The race started with some whoops and cheers from the 300 or so riders as we funnelled onto the main road by the coast then quickly onto a singletrack climb which popped us out at the start of stage 1 - a super fast fire road descent. The next stage would be more type 2 fun, a pure uphill punchy stage. The second part of the day was longer, with two stages in the middle of 50km.

To be honest, I was looking forward to the transitions more than the stages. I remembered some pretty technical sections in some of the transitions from the previous year and couldn’t wait to tackle them on the Quincy. After stage three I knew the best part of the day was coming up. We were treated to a long steep loose rocky descent down to the coast followed by a technical rooty traverse in the woods. 

The technical sections are where the Quincy is the most fun. Things get loose, you get out of control, you’re on the brakes a lot, whilst trying to be smooth and move around on the bike. These sections wouldn’t really be a consideration on a mountain bike, but on a gravel bike, they force you to think carefully about line choice. For me, this is the beauty of gravel riding, as the bikes bring on a whole new challenge to your riding.

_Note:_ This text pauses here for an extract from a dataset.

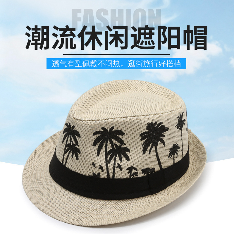 三亚风爵士礼帽男女潮时尚遮阳帽休闲沙滩儿童草帽度假景点亲子帽

With all four stages done we handed in our timing chips and headed to the beach for the all important gin and ice cream. We had 85km and 2000m of climbing in our legs and huge smiles on our faces. The stages had been fun and hard, the transitions were even better. But more importantly, we had a brilliant 6 hours of riding on our bikes with good friends. I’d had an awesome day “maxin”... now it was time for some “relaxin”.

 

See you next year Grinduro Scotland!